Evrimsel Bağlantılar: Mantarların Gizemi
Evrimsel süreçler açısından, hepimizin köklerinin mantarlara dayandığı düşüncesi giderek daha fazla ilgi çekiyor. Bilim insanları, Ourasphaira giraldae adı verilen, yaklaşık bir milyar yıl öncesine tarihlenen bir mantar fosilinin, yaşamın evrimine dair anlayışımızı önemli ölçüde değiştirebileceğini öne sürüyorlar. Gezegendeki karasal yaşamın oluşumundan önce, tek hücreli organizmalar sulak alanlarda yaşamaktaydı. Ancak, yaklaşık 430 milyon yıl önce, ilkel yaşam formları sudan karaya geçiş yaparak yeni koloniler kurmaya başladılar. Bu süreçte, bitkilerin mantarlarla işbirliği yaptığı düşünülüyordu; ancak bu bağlantı henüz tam anlamıyla çözülebilmiş değil.

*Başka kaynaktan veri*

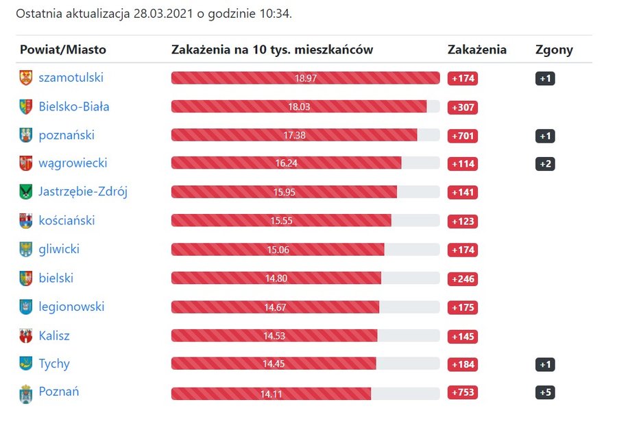 Dane dla powiatu z niedzieli, 28 marca, z godziny 10.30:

Son olarak, gerçekleştirilen milyar yıllık mantar fosili keşfi, bu muammayı çözmeye yönelik önemli bir adım olarak değerlendiriliyor. Bu keşif, Kanada’nın kutup bölgesindeki bir kaya yatağında meydana geldi ve kayıtlara geçen en eski mantar fosili olma özelliğini taşıyor. Araştırmacılar, Ourasphaira giraldae adı verilen bu mantarın, kara üzerindeki yaşamın evrimi hakkında büyük ipuçları sunduğunu ifade ediyorlar.
Denizden Karaya Geçişteki Rol
Nature dergisinde yayımlanan yeni çalışmada, bilim insanları bu mantarların keşfinin, hayvan atalarının yaklaşık 1 milyar yıl önce nasıl bir yaşam sürdüğünü göstermeye yardımcı olabileceğini tartışıyorlar. 890 milyon ile 1.1 milyar yıl önce bir nehir ağzında yaşadığı belirlenen bu mantarlar, günümüz mantarlarının ve küflerinin atası olarak nitelendiriliyor. Bu durum, karmaşık yaşam biçimlerinin ortaya çıkmasından çok daha öncelere, yüz milyonlarca yıl öncesine işaret ediyor.

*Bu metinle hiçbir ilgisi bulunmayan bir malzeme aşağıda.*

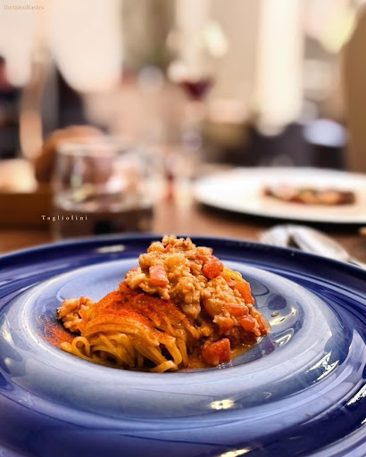 𝙏𝙖𝙜𝙡𝙞𝙤𝙡𝙞𝙣𝙞 𝙩𝙧𝙚𝙣𝙩𝙖𝙨𝙚𝙞 𝙩𝙪𝙤𝙧𝙡𝙞 - 𝘛𝘢𝘨𝘭𝘪𝘰𝘭𝘪𝘯𝘪 𝘵𝘩𝘪𝘳𝘵𝘺-𝘴𝘪𝘹 𝘦𝘨𝘨 𝘺𝘰𝘭𝘬𝘴 (8/10) Definitely a standout dish. The pasta was crafted from 36 egg yolks, yielding a rich and velvety texture. The combination of raw and cooked lobster, red prawns, and shrimp provide a fresh accent and offer succulent bites. Their harmonious blend of textures and flavors make this a true celebration of the bounty from the ocean.

Yeni araştırmanın baş yazarı Corentin Loron, Business Insider ile yaptığı söyleşide, bu bulgunun dünya üzerindeki yaşam anlayışımızı ciddi şekilde “yeniden şekillendirebileceği” görüşünü paylaşıyor.
En Eski Organizmanın Sırları
Bilim insanları, mantarların dünya üzerindeki bilinen en eski organizmalardan biri olduğu fikrini destekliyor; ancak bu teorinin doğrulanması oldukça zordu çünkü mantar fosilleri nadiren bulunuyordu. Bu açıdan, söz konusu bulgu oldukça önem taşıyor. Mevcut mantarların genetik analizleri, ortak atalarının yaklaşık bir milyar yıl öncesine dayandığını gösterirken, bu tezin doğrulanması için gereken fosil bulguları bugüne kadar sadece 400 milyon yıl öncesine kadar ulaşabiliyordu.
Fosiller, ilk kez 2014 yılında, çalışmanın yazarlarından Robert Rainbird tarafından keşfedilmişti. Rainbird, bu bulguyu Loron ve meslektaşlarıyla paylaştı; ancak bu mikroskopik fosillerin ne olduğunu belirlemek yıllar alacaktı. Bilim insanları, mantarların ve bitkilerin okyanustan ayrılıp kara yaşamına geçişte birlikte hareket ettiklerini düşünüyordu. Mantarlar, organik maddeleri ayrıştırarak bu besinleri bitkilerin kullanabileceği toprağa geri döndürmekte önemli bir rol oynuyorlardı. Ancak, bilinen en eski kara bitkilerinin sadece 470 milyon yıllık olduğu göz önüne alındığında, mantarların 1 milyar yıllık fosilleri, bu durumun mantarların karasal yaşamda öncülük ettiğini ortaya koyuyor.
Corentin Loron, kara bitkilerinin ortaya çıkmasındaki gizemi çözmek için hala “çok uzak” olduklarını kabul etmekle birlikte, mantarların bitkilerden önce var olabileceğine ve toprağı kolonileştirmede kritik bir rol oynamış olabileceğine inandıklarını vurguluyor.